Close-up of Crockpot Crispy Pork Ramen cooked in a Crockpot with fresh herbs and glossy sauce

Crockpot Crispy Pork Ramen: The Easiest Way to Rich, Flavorful Broth

This Crockpot Crispy Pork Ramen delivers a soul-warming, ramen-shop-quality broth with incredibly tender pork, all with minimal effort. The slow cooker handles the deep flavor development, leaving you to simply crisp the pork and assemble the perfect bowl. It’s the same “set it and forget it” magic that makes our Simple Crockpot Pulled Pork a fan favorite.

Why This Method Excels for Ramen

Using a slow cooker for ramen broth isn’t a shortcut; it’s a strategic advantage. It perfectly mimics the traditional low-and-slow simmering required for a rich, complex tonkotsu-style broth, but without the stovetop babysitting.
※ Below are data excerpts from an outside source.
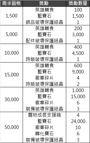 儲值指定額度的藝幣時,可獲得遊戲內所需的道具。
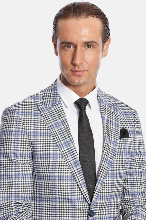 Ekose Desenli Slim Fit Siyah Mavi Erkek Ceket - Wessi
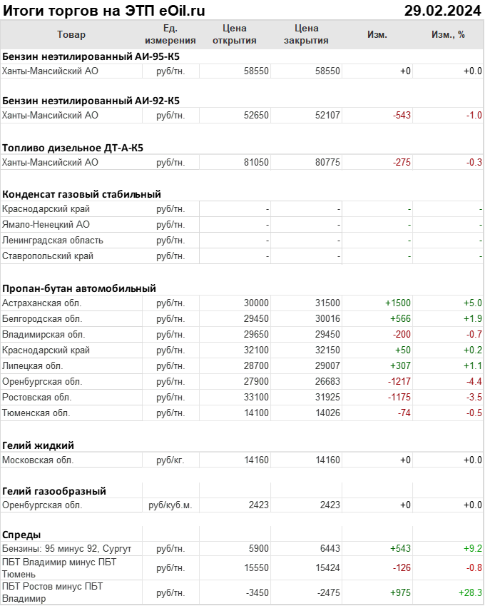 Итоги торгов на ЭТП eOil.ru 29 февраля 2024
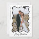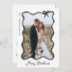 De här helgdagskorten med chic och snyggt, svartvitt och svartvitt, innehåller ett favoritfoto i ett trendig svart vågigt ram med en viskbuk, på en elegant vit bakgrund. Modern manus säger "God jul" och det finns utrymme för ett personligt budskap på baksidan.

  • Collagen Breakdown: The gentle, consistent heat breaks down the collagen in the pork shoulder, enriching the broth with body and a silky mouthfeel.
  • Flavor Infusion: Aromatics like ginger, garlic, and onion have hours to release their full-depth flavor into the broth, creating a base that tastes like it simmered all day.
  • Perfectly Tender Pork: The pork becomes fall-apart tender, ideal for shredding and then crisping for a fantastic textural contrast.

Mastering the Crispy Pork Finish

The final step transforms the tender pork into a crave-worthy topping. Choose your preferred method for the best results.

Method 1: The Broiler (Fast & Effective)

  1. Prep: Arrange the shredded or sliced pork in a single layer on a foil-lined baking sheet.
  2. Broil: Place the sheet 4-6 inches under a preheated broiler.
  3. Watch Closely: Broil for 2-4 minutes, until the edges are browned and sizzling. It happens fast, so don’t walk away.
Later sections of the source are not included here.